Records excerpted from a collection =

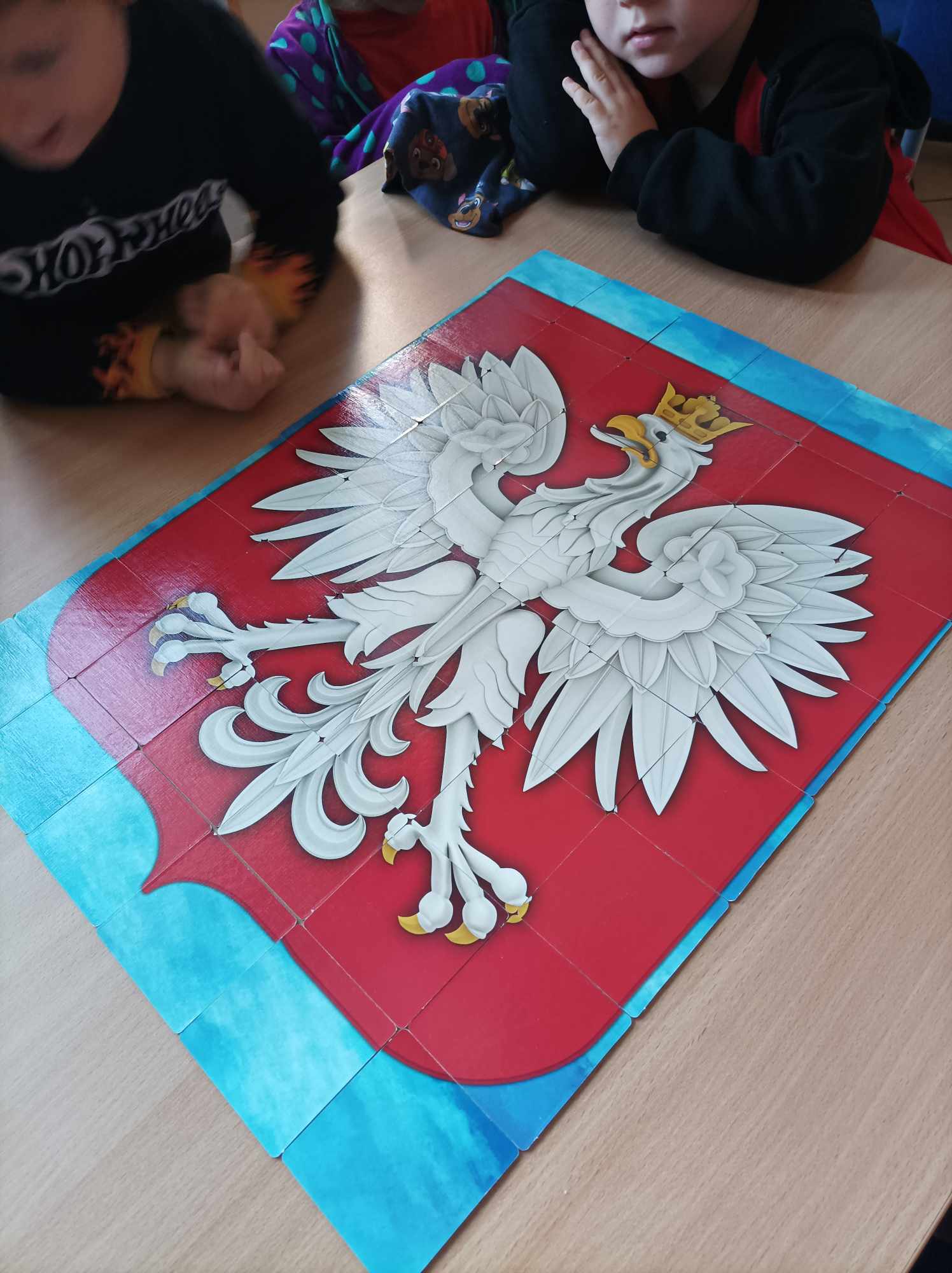 Jak wszyscy wiemy, 11 listopada obchodzimy Narodowe Święto Niepodległości. My również je świętowałyśmy wraz z dziećmi z przedszkoli: „Pod Zielonym Listkiem” i „Bajlandia” oraz uczniami kl. IB ze SP 275. Dzieci wysłuchały legendy o Lechu, Czechu i Rusie pt. „Orle gniazdo” ze zbioru „Baśnie i legendy polskie” wydawnictwa „Liwona”.Rozmawialiśmy o symbolach narodowych: hymnie, fladze i godle. Obejrzeliśmy o nich filmik zatytułowany „Polak mały” i wysłuchaliśmy piosenki „Jestem Polką i Polakiem”. Na zakończenie części literackiej dzieci wysłuchały pięknego wiersza Beaty Kołodziej pt. „Biel i czerwień” (z książki „Rodzinne świętowanie”). Układaliśmy także godło Polski z puzzli. W kąciku plastycznym dzieci kolorowały godło polskie i kotyliony. Wszyscy uczestniczący w zajęciach śpiewali hymn Polski, zachowując godną postawę.
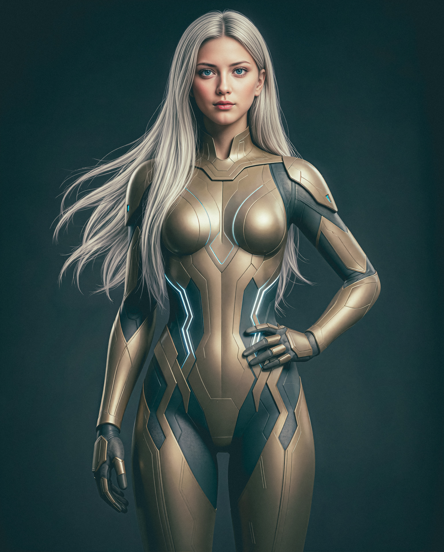 Through a rare and successful fusion with Ascentrove technology, she bonded with Infinity, a top-tier AI capable of shifting into ethereal energy states and synchronising flawlessly with its host. This fusion grants her enhanced capabilities including Matter Conjuration, Advanced Cell Regeneration, Real-Time Tactical Awareness, and more.
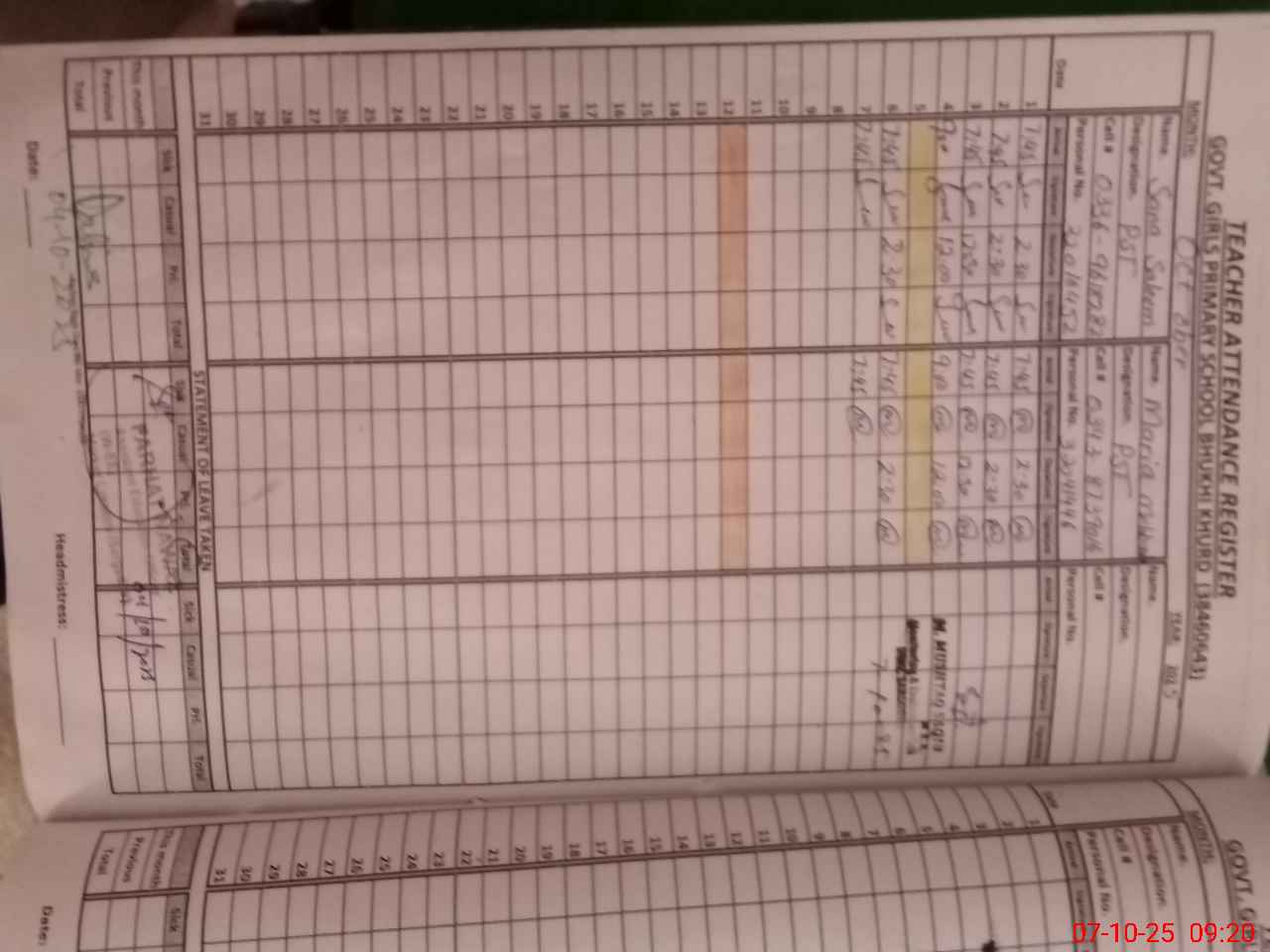 | Name: SA**** SA**** Designation: (School Headmaster's/Headmistress's) PST Phone/Cell Number: 03**** |
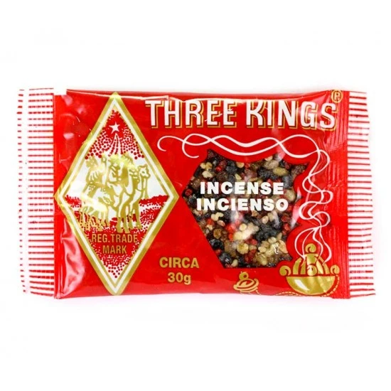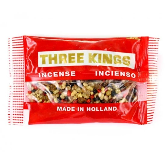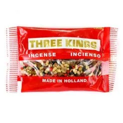 Incenso profumazione Tre Re Magi, questa miscela profumata contiene una ottima percentuale di resina naturale. Emana una profumazione dolce e gradevole. Confezionato in bustina di plastica colorata.
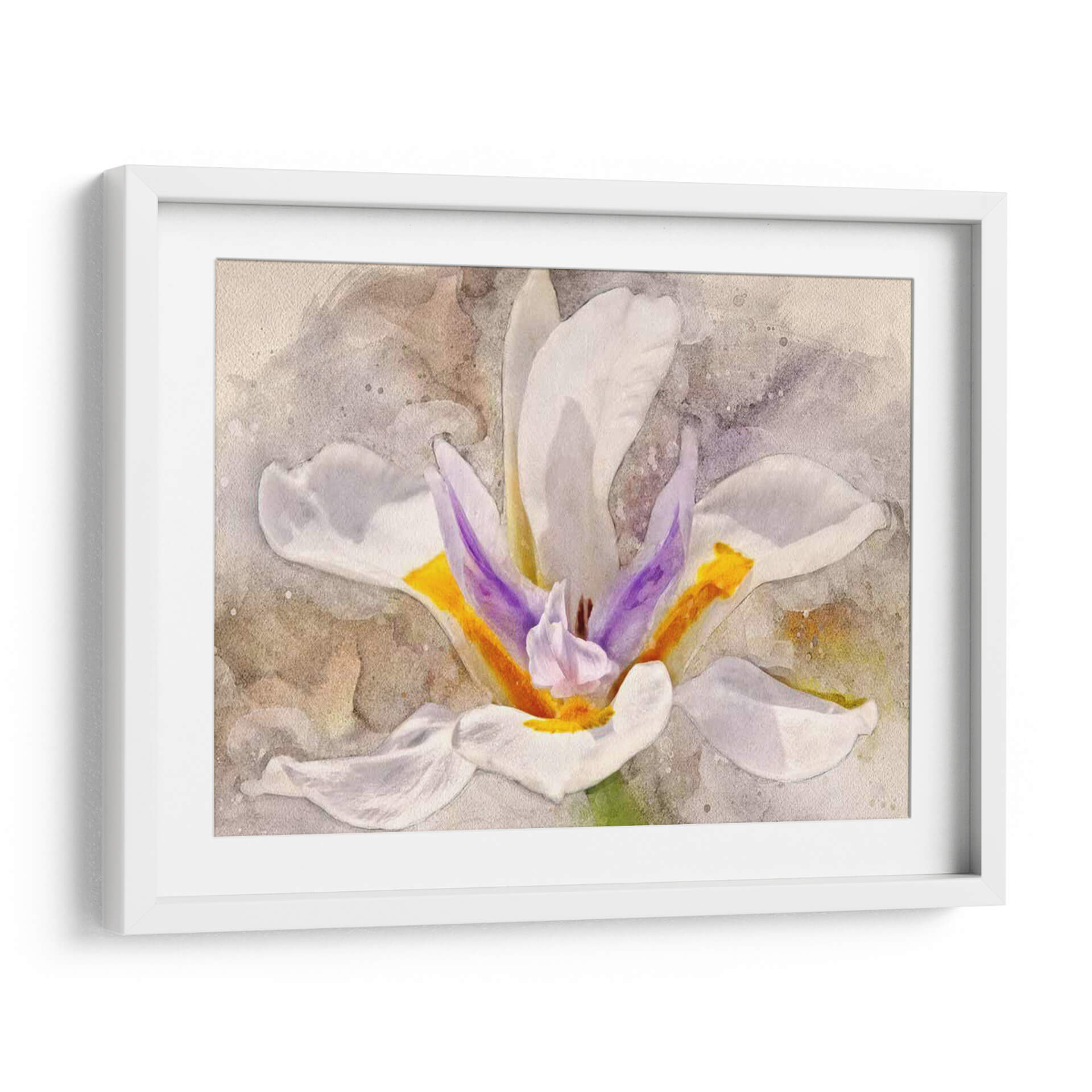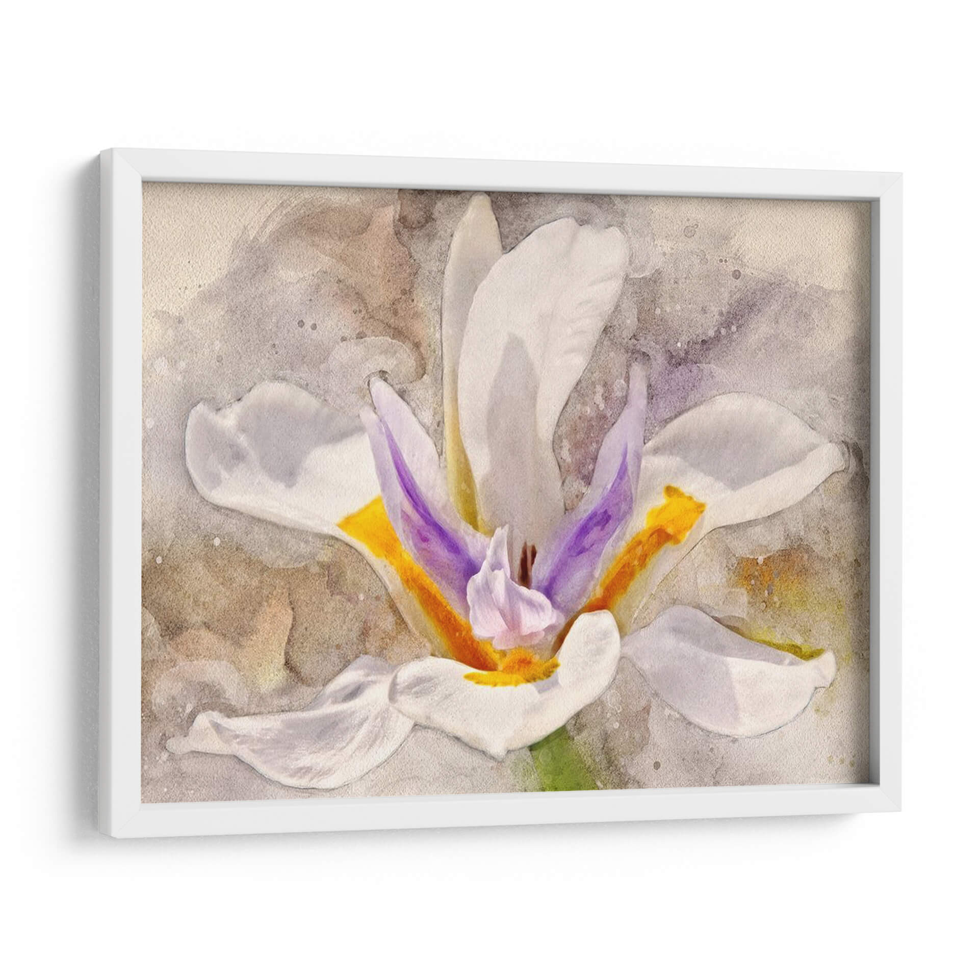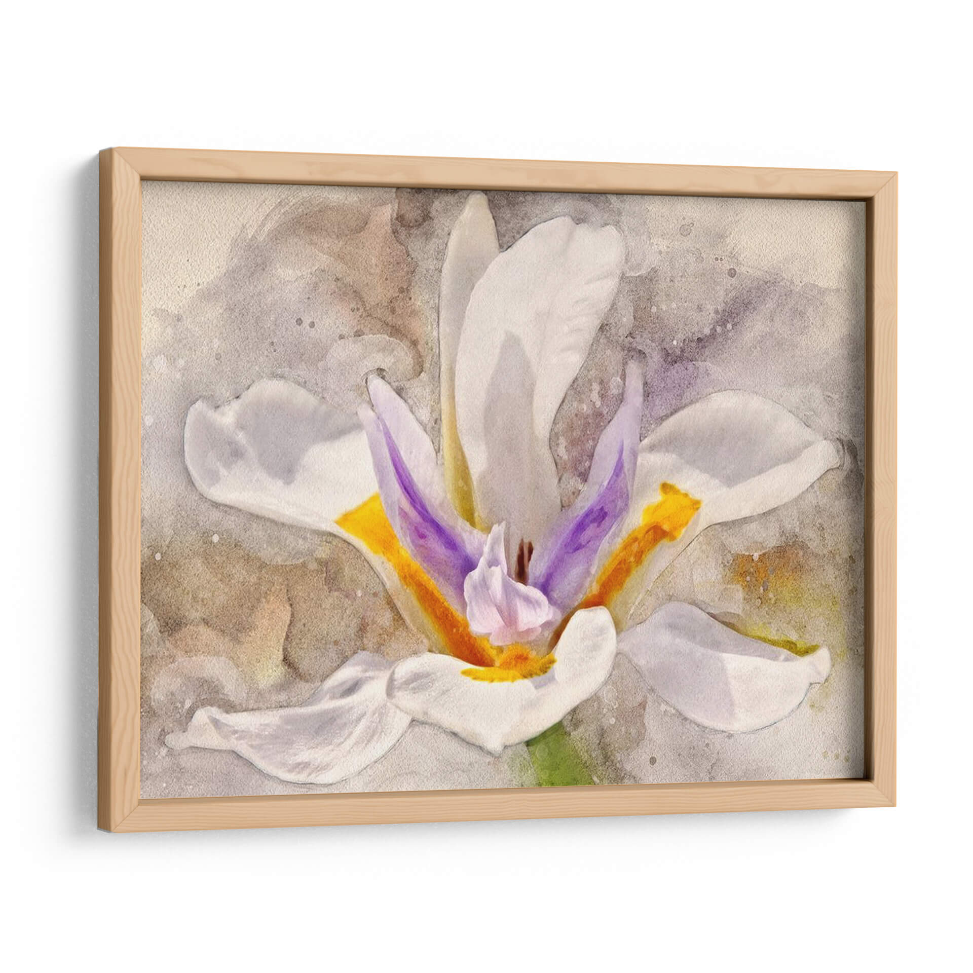 Embellece tu espacio con el cuadro decorativo "Pétalos Juguetones I", una obra de arte vibrante de Leda Robertson que captura la delicadeza de una flor en pleno esplendor. Esta pieza, realizada en un estilo que evoca la técnica de acuarela, presenta una composición centrada en un lirio o iris de pétalos blancos y etéreos, realzados por toques juguetones de púrpura y amarillo en su centro. El fondo texturizado en tonos tierra y grises suaves aporta profundidad y un contraste sutil, permitiendo que la flor sea la protagonista indiscutible. La atmósfera que emana esta obra es de serenidad y optimismo, con una energía sutil que invita a la contemplación. "Pétalos Juguetones I" es ideal para añadir un toque de naturaleza y color a cualquier habitación, desde la sala de estar hasta un dormitorio o incluso una oficina, transformando cualquier pared en un jardín interior lleno de vida y elegancia. Su versatilidad cromática y su diseño orgánico la convierten en una elección perfecta para interiores modernos, clásicos o bohemios, aportando sofisticación y un aire fresco a tu decoración.
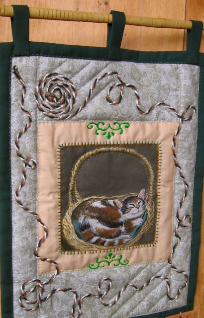 “Angel”. Oleo del pintor norteamericano Abbot Handerson-Thayer, que falleció en 1921. Este fue mi primer trabajo en fototransferencia y la pequeña quilt lleva mi propio crochet, tela de la época y un pedacito de mi vestido de novia.
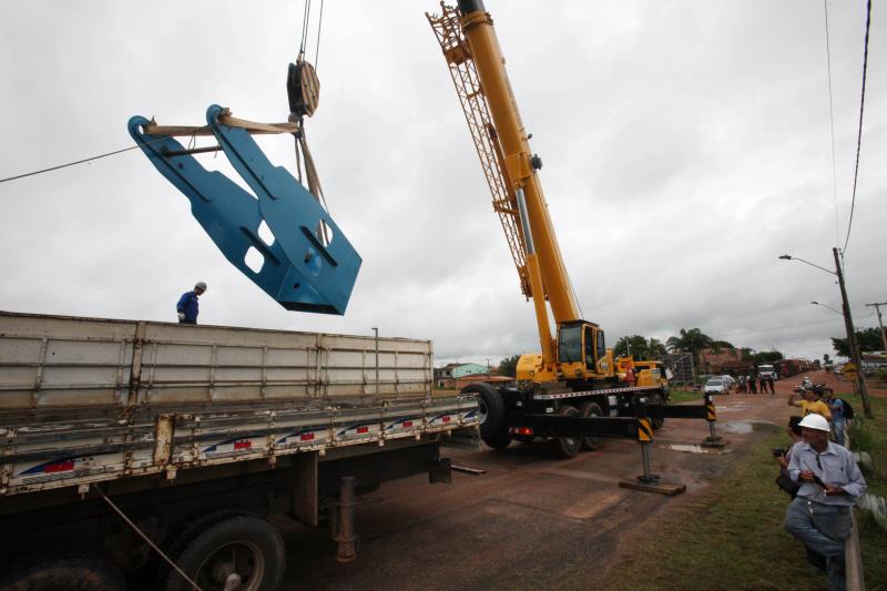 Operários da empresa de engenharia responsável pela reconstrução da ponte Moju Cidade, que integra a Alça Viária, já começaram a montagem do A-Frame, equipamento desenvolvido especialmente para a retirada das "línguas" de concreto, que estão penduradas desde a colisão de uma balsa com um dos vãos da ponte, em março do ano passado. A primeira parte do equipamento - que tem quase sete metros de altura, 14m de comprimento e 2,40m de largura - chegou ao município de Moju, no nordeste paraense, no final da noite de quinta-feira, 19, três dias depois de ter saído de São Paulo.

About this task =
Set down each record above exactly as it stands and leave out all pictures.

Solved exercise =
 Jak wszyscy wiemy, 11 listopada obchodzimy Narodowe Święto Niepodległości. My również je świętowałyśmy wraz z dziećmi z przedszkoli: „Pod Zielonym Listkiem” i „Bajlandia” oraz uczniami kl. IB ze SP 275. Dzieci wysłuchały legendy o Lechu, Czechu i Rusie pt. „Orle gniazdo” ze zbioru „Baśnie i legendy polskie” wydawnictwa „Liwona”.Rozmawialiśmy o symbolach narodowych: hymnie, fladze i godle. Obejrzeliśmy o nich filmik zatytułowany „Polak mały” i wysłuchaliśmy piosenki „Jestem Polką i Polakiem”. Na zakończenie części literackiej dzieci wysłuchały pięknego wiersza Beaty Kołodziej pt. „Biel i czerwień” (z książki „Rodzinne świętowanie”). Układaliśmy także godło Polski z puzzli. W kąciku plastycznym dzieci kolorowały godło polskie i kotyliony. Wszyscy uczestniczący w zajęciach śpiewali hymn Polski, zachowując godną postawę.
 Through a rare and successful fusion with Ascentrove technology, she bonded with Infinity, a top-tier AI capable of shifting into ethereal energy states and synchronising flawlessly with its host. This fusion grants her enhanced capabilities including Matter Conjuration, Advanced Cell Regeneration, Real-Time Tactical Awareness, and more.
 | Name: SA**** SA**** Designation: (School Headmaster's/Headmistress's) PST Phone/Cell Number: 03**** |
 Incenso profumazione Tre Re Magi, questa miscela profumata contiene una ottima percentuale di resina naturale. Emana una profumazione dolce e gradevole. Confezionato in bustina di plastica colorata.
 Embellece tu espacio con el cuadro decorativo "Pétalos Juguetones I", una obra de arte vibrante de Leda Robertson que captura la delicadeza de una flor en pleno esplendor. Esta pieza, realizada en un estilo que evoca la técnica de acuarela, presenta una composición centrada en un lirio o iris de pétalos blancos y etéreos, realzados por toques juguetones de púrpura y amarillo en su centro. El fondo texturizado en tonos tierra y grises suaves aporta profundidad y un contraste sutil, permitiendo que la flor sea la protagonista indiscutible. La atmósfera que emana esta obra es de serenidad y optimismo, con una energía sutil que invita a la contemplación. "Pétalos Juguetones I" es ideal para añadir un toque de naturaleza y color a cualquier habitación, desde la sala de estar hasta un dormitorio o incluso una oficina, transformando cualquier pared en un jardín interior lleno de vida y elegancia. Su versatilidad cromática y su diseño orgánico la convierten en una elección perfecta para interiores modernos, clásicos o bohemios, aportando sofisticación y un aire fresco a tu decoración.
 “Angel”. Oleo del pintor norteamericano Abbot Handerson-Thayer, que falleció en 1921. Este fue mi primer trabajo en fototransferencia y la pequeña quilt lleva mi propio crochet, tela de la época y un pedacito de mi vestido de novia.
 Operários da empresa de engenharia responsável pela reconstrução da ponte Moju Cidade, que integra a Alça Viária, já começaram a montagem do A-Frame, equipamento desenvolvido especialmente para a retirada das "línguas" de concreto, que estão penduradas desde a colisão de uma balsa com um dos vãos da ponte, em março do ano passado. A primeira parte do equipamento - que tem quase sete metros de altura, 14m de comprimento e 2,40m de largura - chegou ao município de Moju, no nordeste paraense, no final da noite de quinta-feira, 19, três dias depois de ter saído de São Paulo.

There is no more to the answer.